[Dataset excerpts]
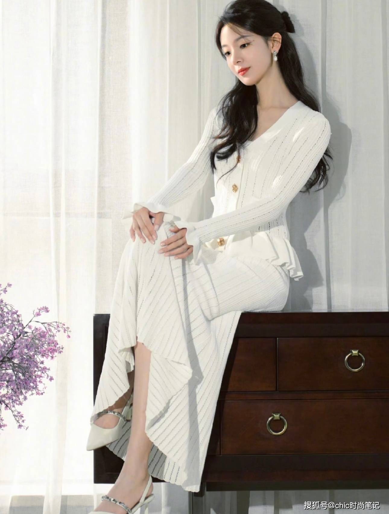 陈瑶的日常穿搭还是偏温柔、淑女,一身纯白色针织上衣+半身长裙把优雅和知性展现的淋漓尽致。配上蝴蝶结发饰和高跟鞋,太有气质了!
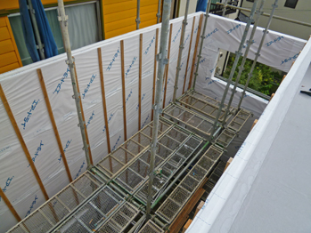 外壁の下地となる通気胴縁の施工がほぼ終わっています。左はサイディング仕上げとなるデッキテラス部分で、通気胴縁はタテ向きに入っています。右はガルバリウム鋼板たてハゼ葺き仕上となる道路側面です。胴縁はヨコ向きに入れるため、空気がタテに流れるように、細かな孔が開いた通気胴縁を使っています。
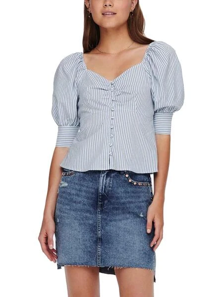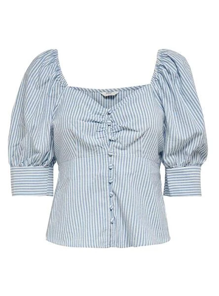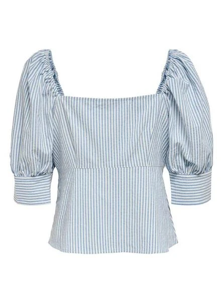 Top Only. Modèle Betti Life. Rayures estampillé. Coloris bleu et blanc. Manches bouffantes. Encolure carrée. Manche 2/4. Épaules avec élastique élastique. Le mannequin porte une taille S.
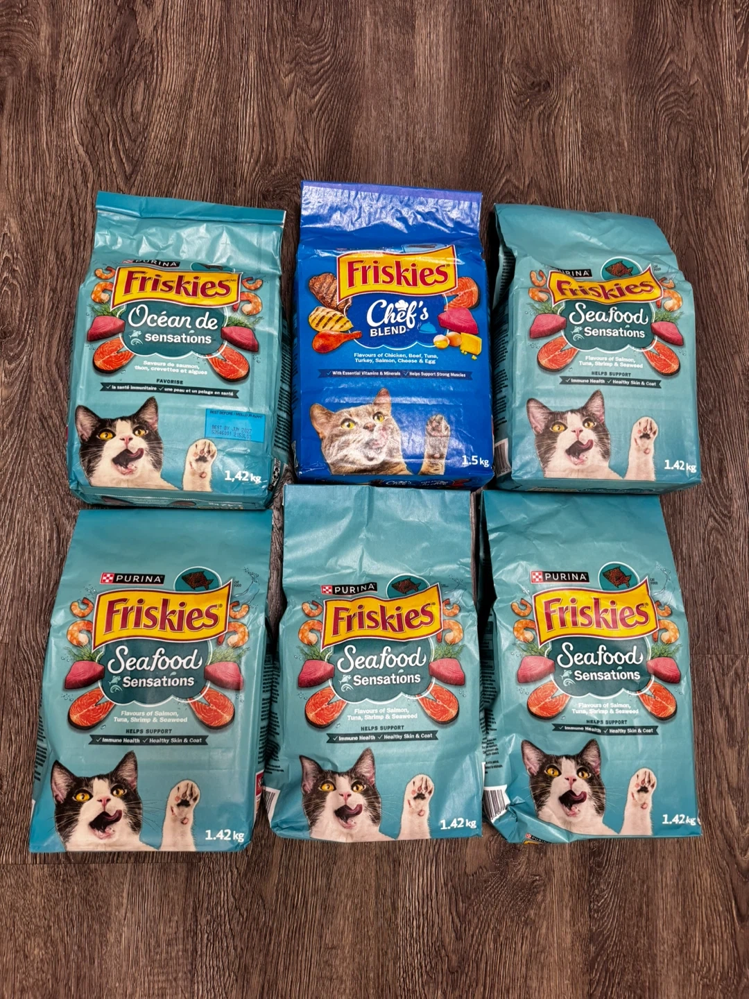 - Friskies Seafood Sensations (1.42 kg each) $20 for all
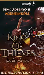 "King of Thieves" (Ògúndábède) tells the tale of the renowned town and prosperous kingdom of Ajeromi. Life in Ajeromi was thriving, with peace and prosperity reigning supreme. However, the tranquility of the kingdom was disrupted when Agesinkole, a formidable bandit and terrorist, arrived to unleash terror upon its people.
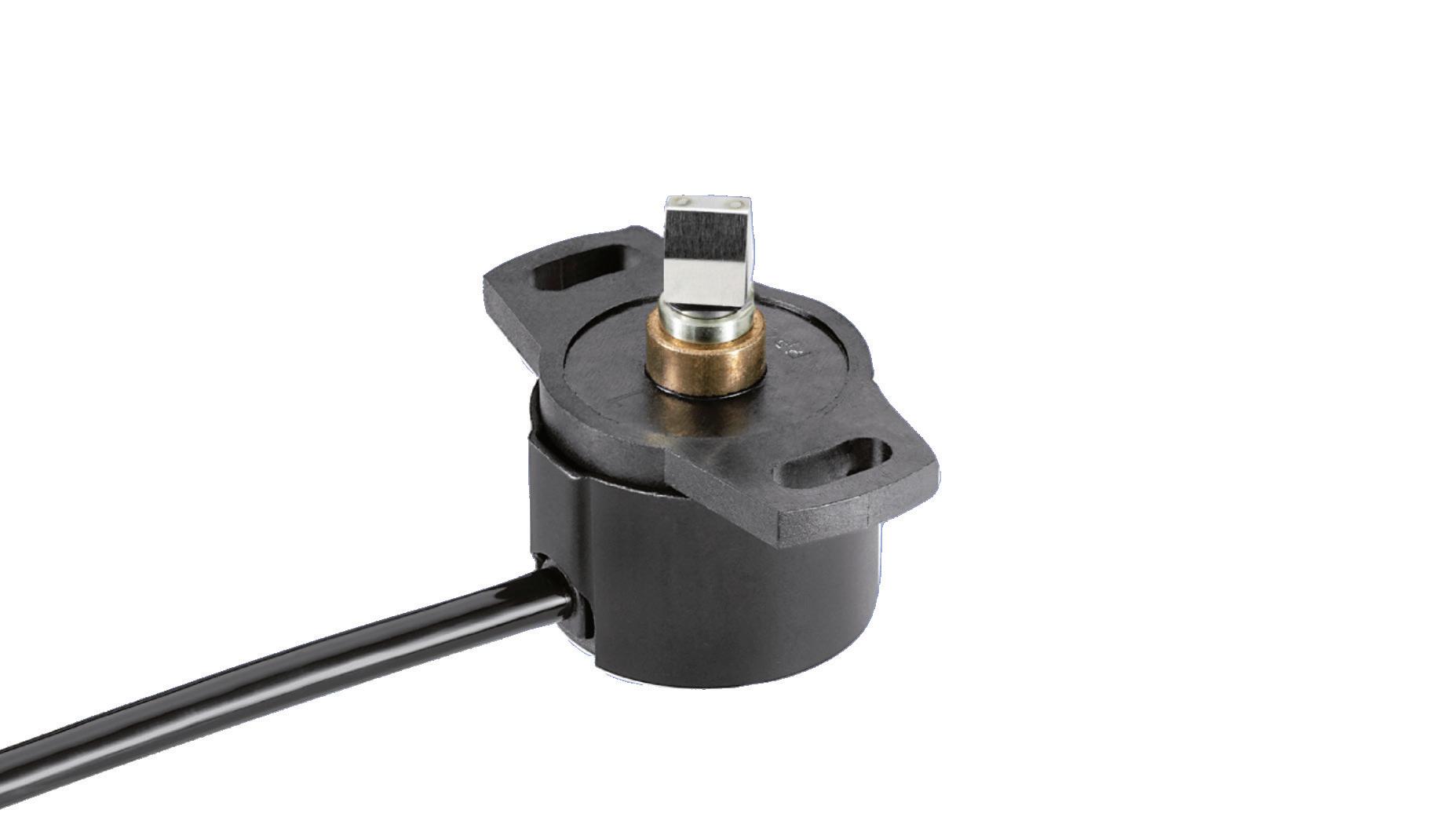 The encoder has a measuring range of 15,840° (44 turns), and measures variable information of angle, turns, speed, and limit switch points. It measures rotational speed from 0 to 546 rpm with a resolution of 16-bits, absolute linearity of ≤ ±1°, and repeatability of ≤ ±0.1°.
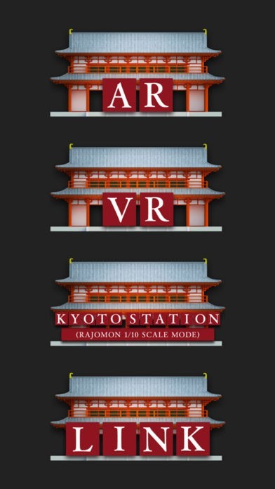 「KYOTO STAION」については、京都駅烏丸口にある羅城門1/10スケール模型の前で、タイトル画面画像をトリガーに羅城門を通した平安京の360度画像を疑似体験できます。

# WORK INSTRUCTIONS:
Your task is to repeat exactly the lines from the beginning of the data to the line that contains "upon its people.", both ends included, leaving out pictures.

# SOLUTION FOR THIS PROBLEM:
 陈瑶的日常穿搭还是偏温柔、淑女,一身纯白色针织上衣+半身长裙把优雅和知性展现的淋漓尽致。配上蝴蝶结发饰和高跟鞋,太有气质了!
 外壁の下地となる通気胴縁の施工がほぼ終わっています。左はサイディング仕上げとなるデッキテラス部分で、通気胴縁はタテ向きに入っています。右はガルバリウム鋼板たてハゼ葺き仕上となる道路側面です。胴縁はヨコ向きに入れるため、空気がタテに流れるように、細かな孔が開いた通気胴縁を使っています。
 Top Only. Modèle Betti Life. Rayures estampillé. Coloris bleu et blanc. Manches bouffantes. Encolure carrée. Manche 2/4. Épaules avec élastique élastique. Le mannequin porte une taille S.
 - Friskies Seafood Sensations (1.42 kg each) $20 for all
 "King of Thieves" (Ògúndábède) tells the tale of the renowned town and prosperous kingdom of Ajeromi. Life in Ajeromi was thriving, with peace and prosperity reigning supreme. However, the tranquility of the kingdom was disrupted when Agesinkole, a formidable bandit and terrorist, arrived to unleash terror upon its people.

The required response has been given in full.